Let's call any (contiguous) subarray B (of A) a mountain if the following properties hold:
B.length >= 3
There exists some 0 < i < B.length - 1 such that B[0] < B[1] < ... B[i-1] < B[i] > B[i+1] > ... > B[B.length - 1]
(Note that B could be any subarray of A, including the entire array A.)
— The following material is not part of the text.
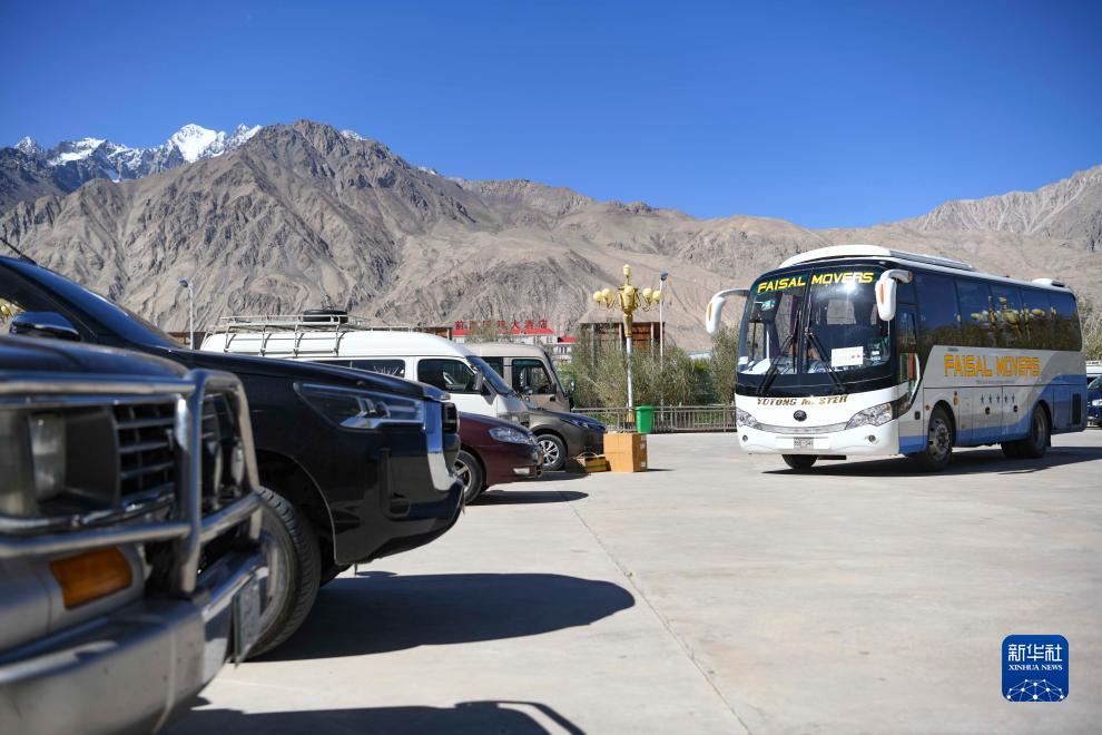 來自巴基斯坦的客車駛?cè)胄陆t其拉甫口岸(8月29日攝)。

Given an array A of integers, return the length of the longest mountain.
Return 0 if there is no mountain.
Example 1:
Input: [2,1,4,7,3,2,5]
Output: 5
Explanation: The largest mountain is [1,4,7,3,2] which has length 5.
Example 2:
Input: [2,2,2]
Output: 0
Explanation: There is no mountain.
Note:
0 <= A.length <= 10000
0 <= A[i] <= 10000
Follow up:
Can you solve it using only one pass?
Can you solve it in O(1) space?
class Solution:
def longestMountain(self, A):
"""
:type A: List[int]
:rtype: int
"""
length = 0
for i in range(len(A)):
temp = 0
if i>0 and i<len(A)-1 and A[i]>A[i-1] and A[i]>A[i+1]:
temp = 1
start,end = i,i
while start>0 and A[start]>A[start-1]:
start -= 1
temp += 1
while end<len(A)-1 and A[end]>A[end+1]:
end += 1
temp +=1
length = max(temp,length)
return length
从中间到两边扩展,如果考虑起点和终点比较复杂,考虑山顶更容易。